DATASET SECTION:
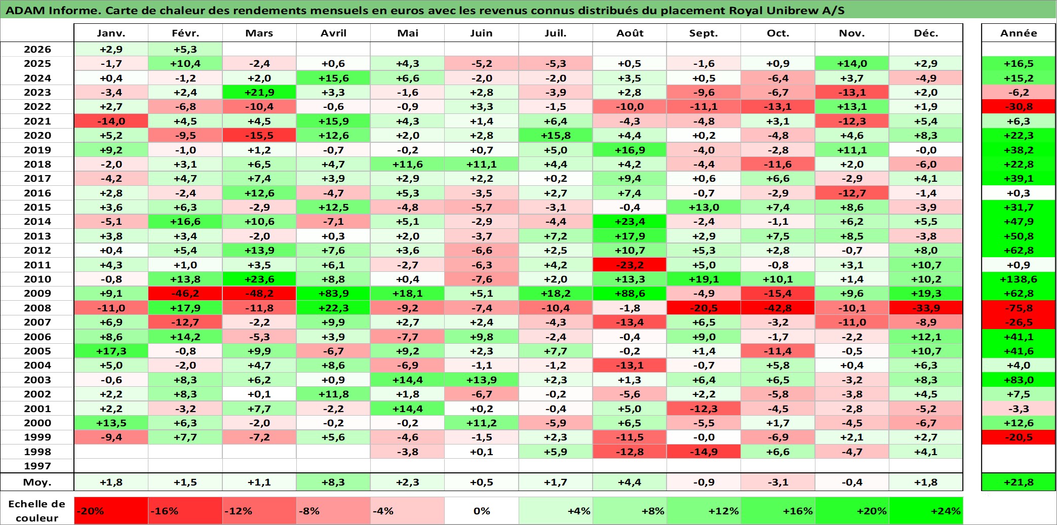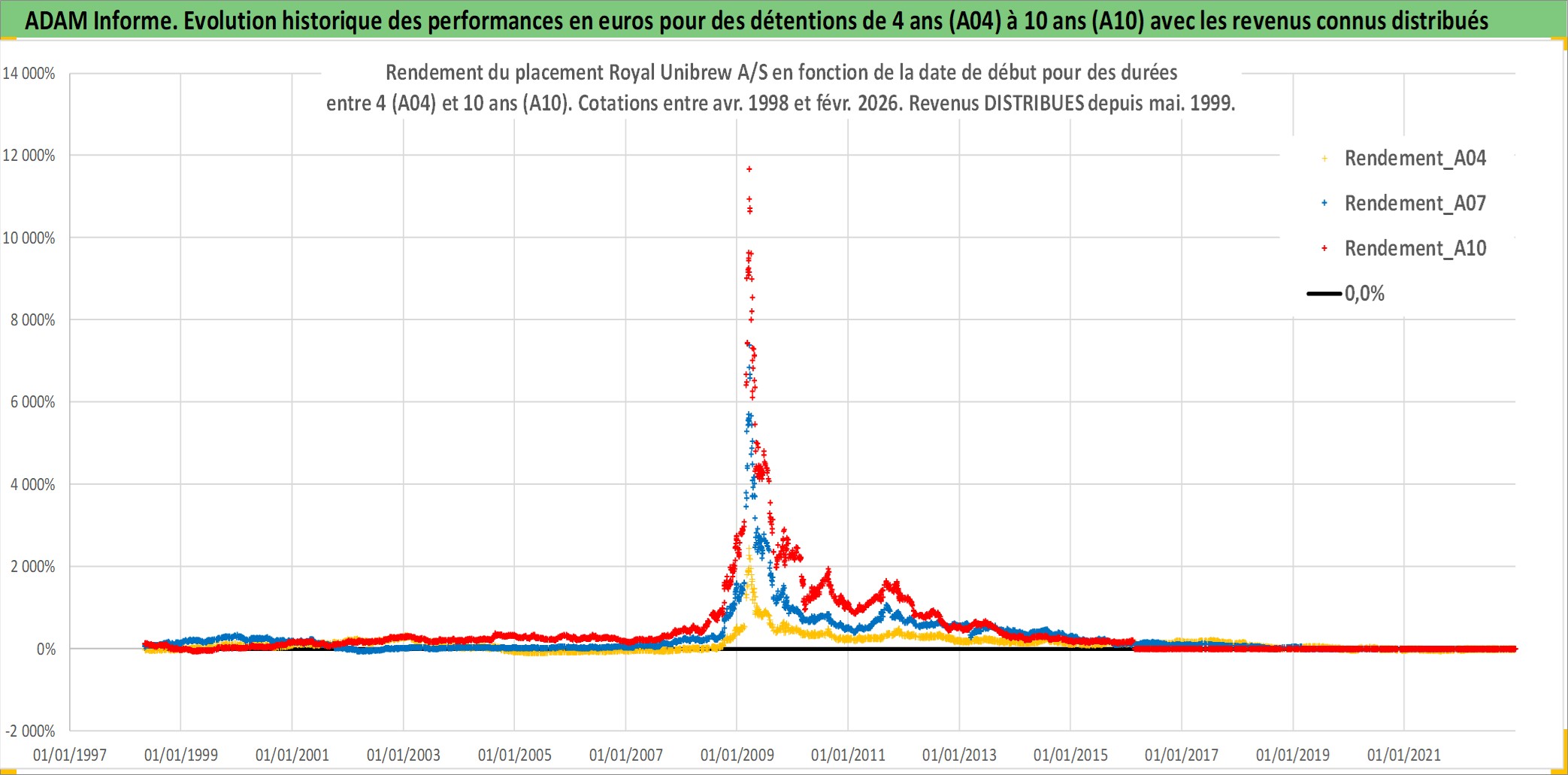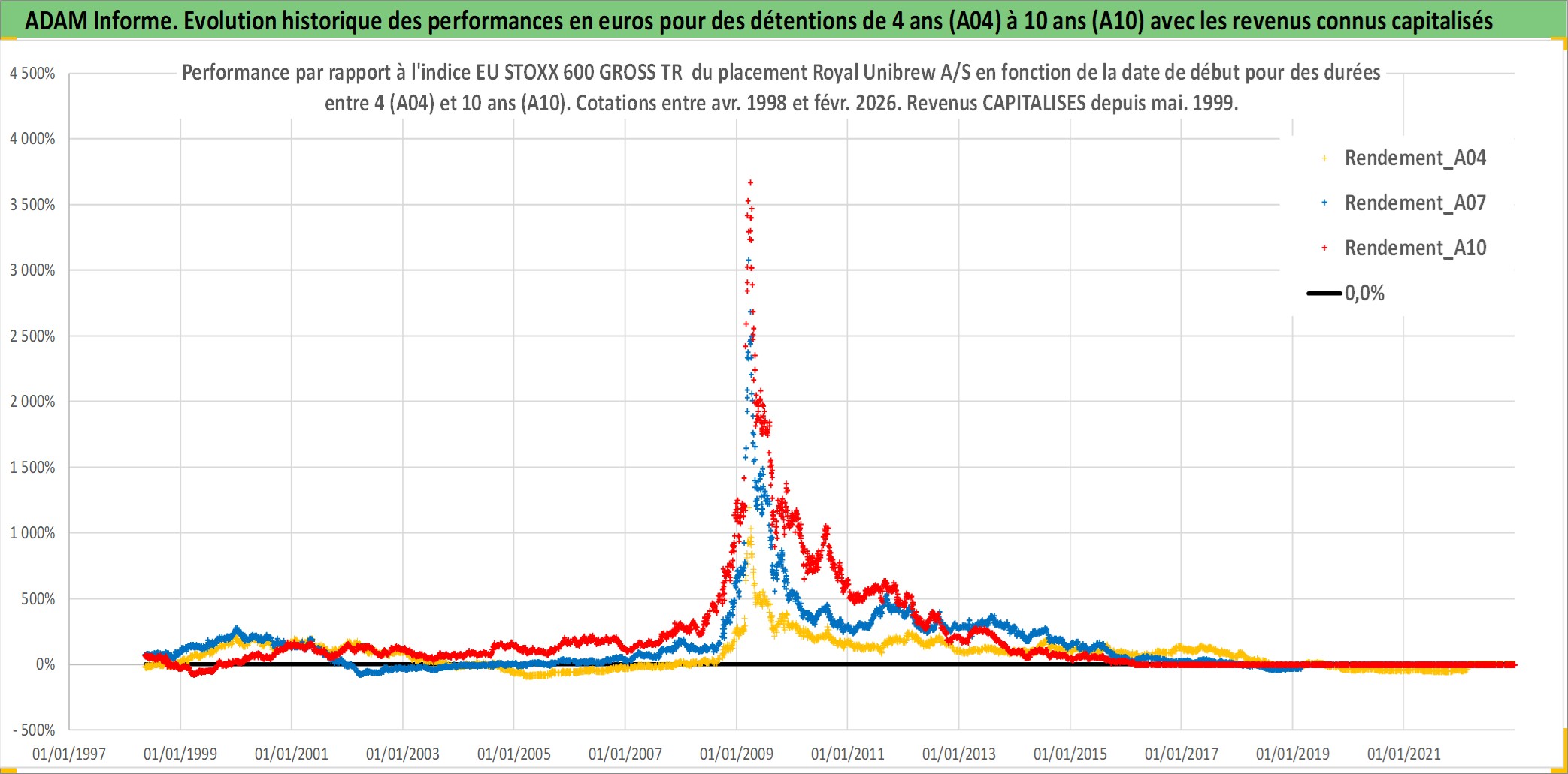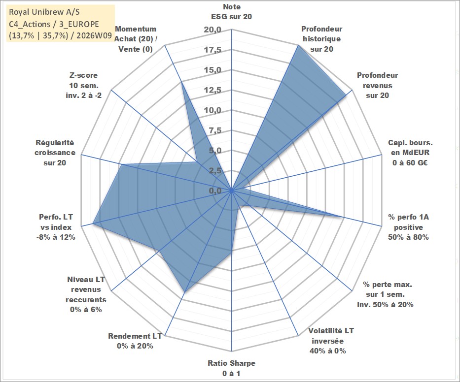 Site dédié aux investisseursPage dédiée sur site financeAnalyse des valorisations hebdomadaires de l'action Royal Unibrew A/S. Cet actif est cote en DKK. Les valorisations sont en contrevaleur EURO et couvrent les semaines 1998W18 a 2026W09. Les revenus de cet actif financier sont pris en compte depuis la semaine 1999W19. La note ESG de cet actif n'est pas connue.
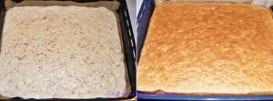 Turnam compozitia in tava mare de la cuptor tapetata cu hartie de copt si dam la cuptorul preincalzit la 175 grade timp de 30 de minute. Scoatem din cuptor si lasam la racit. Eu am facut blatul cu o zi inainte pt a se putea decupa mai bine.
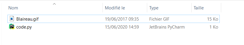 - tester le code ci-dessous ( attention, télécharger (cliquez-ici) et placer le fichier 'Blaireau.gif' dans le même dossier que le fichier du code python, dans l'exemple ci-dessous, le fichier python s'appelle code.py et il est au même endroit que l'image)
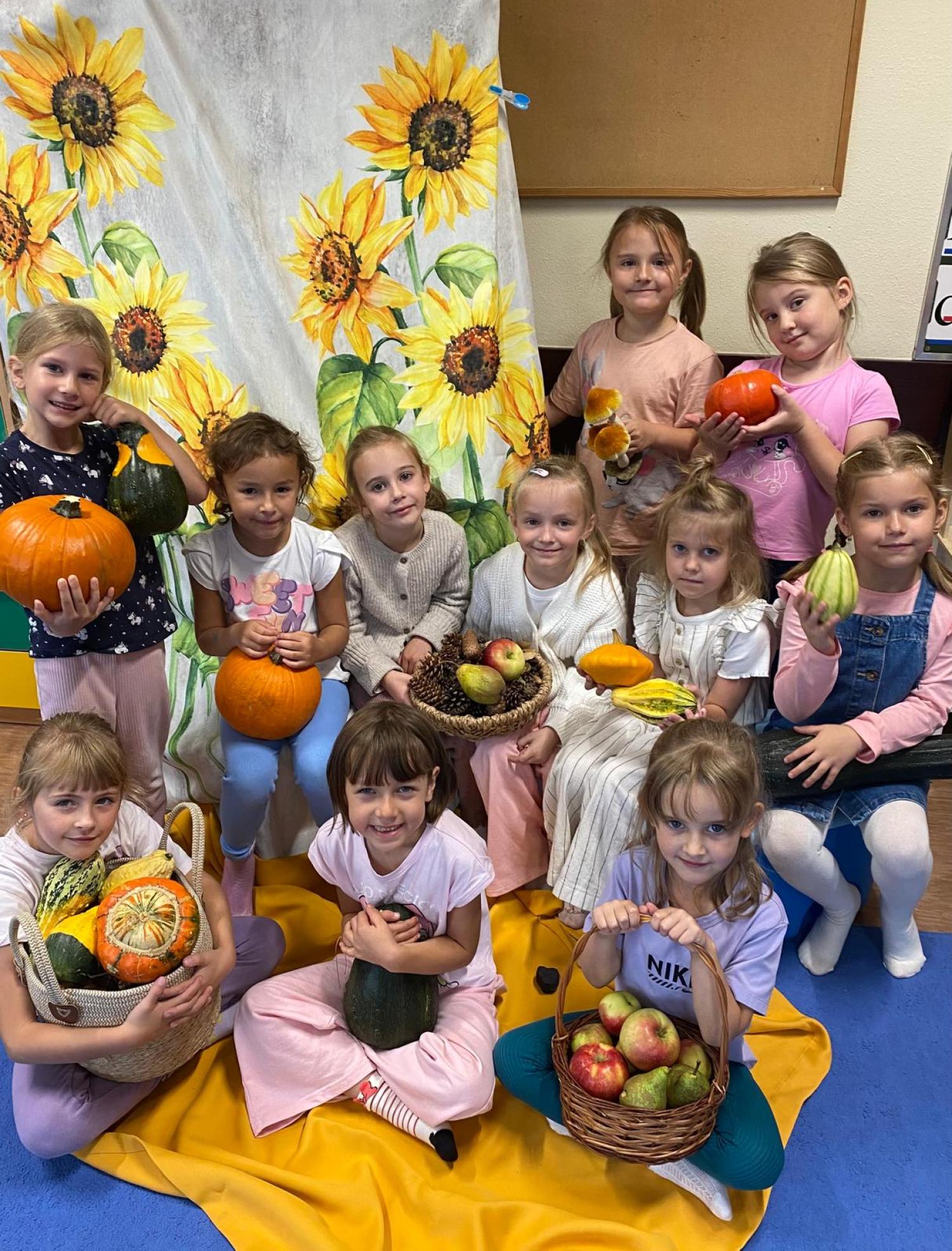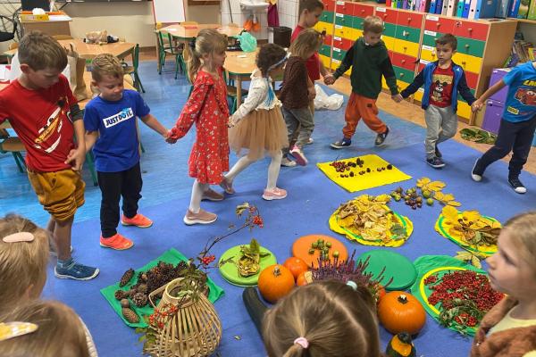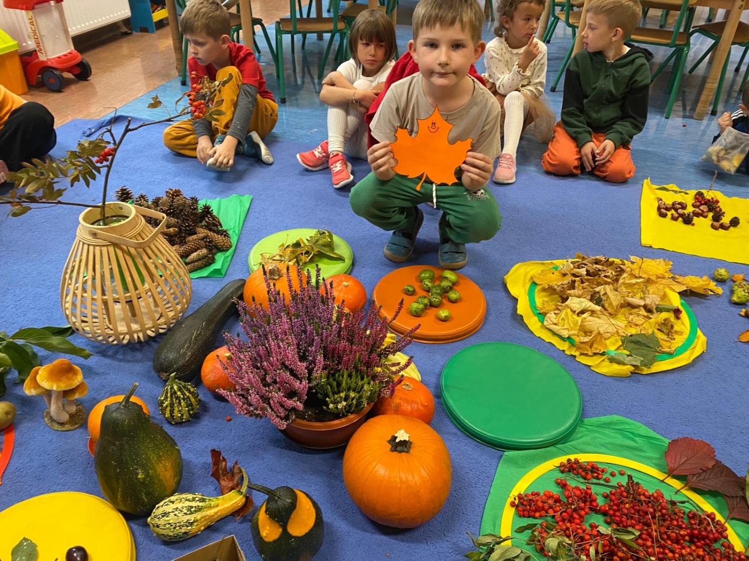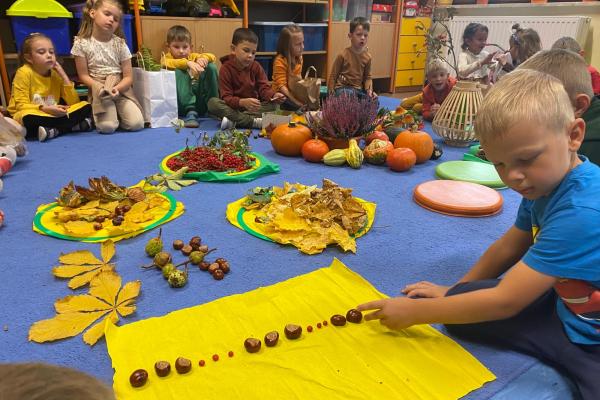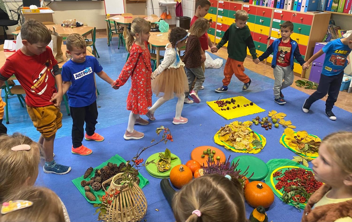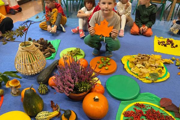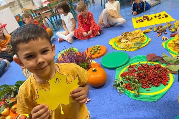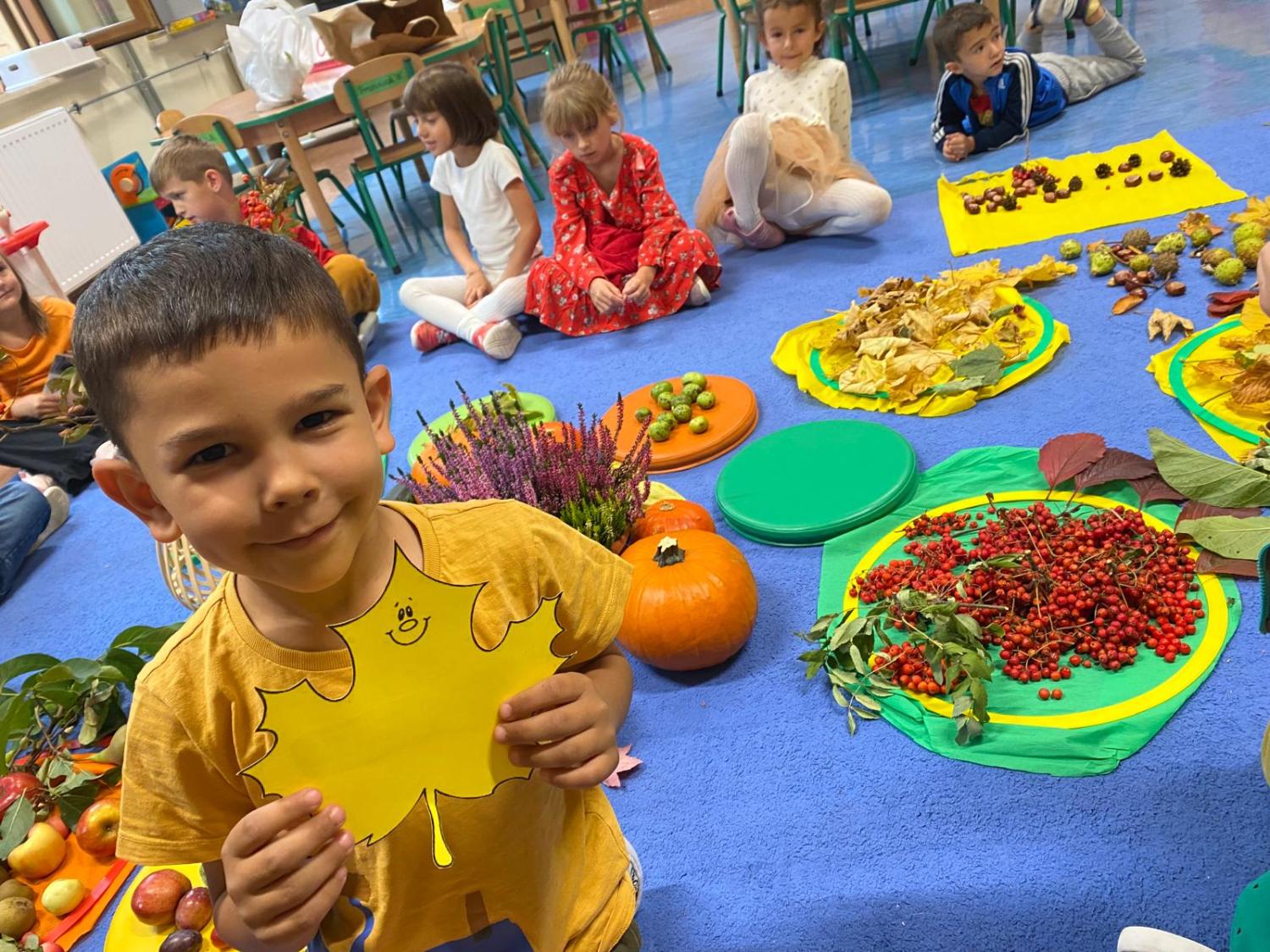 Pierwszy dzień jesieni był w naszym przedszkolu pełen uśmiechów i zabawy. Dzieci z grup 0a i 0b odkrywały uroki nowej pory roku – oglądały jej dary, rysowały Panią Jesień, przeliczały jej skarby, tańczyły i wspólnie świętowały. To był wyjątkowy dzień, który na długo zostanie w pamięci przedszkolaków.

WHAT YOU WILL DO: First drop every picture, then print the data above exactly as it stands.

TASK ANSWER:
 Site dédié aux investisseursPage dédiée sur site financeAnalyse des valorisations hebdomadaires de l'action Royal Unibrew A/S. Cet actif est cote en DKK. Les valorisations sont en contrevaleur EURO et couvrent les semaines 1998W18 a 2026W09. Les revenus de cet actif financier sont pris en compte depuis la semaine 1999W19. La note ESG de cet actif n'est pas connue.
 Turnam compozitia in tava mare de la cuptor tapetata cu hartie de copt si dam la cuptorul preincalzit la 175 grade timp de 30 de minute. Scoatem din cuptor si lasam la racit. Eu am facut blatul cu o zi inainte pt a se putea decupa mai bine.
 - tester le code ci-dessous ( attention, télécharger (cliquez-ici) et placer le fichier 'Blaireau.gif' dans le même dossier que le fichier du code python, dans l'exemple ci-dessous, le fichier python s'appelle code.py et il est au même endroit que l'image)
 Pierwszy dzień jesieni był w naszym przedszkolu pełen uśmiechów i zabawy. Dzieci z grup 0a i 0b odkrywały uroki nowej pory roku – oglądały jej dary, rysowały Panią Jesień, przeliczały jej skarby, tańczyły i wspólnie świętowały. To był wyjątkowy dzień, który na długo zostanie w pamięci przedszkolaków.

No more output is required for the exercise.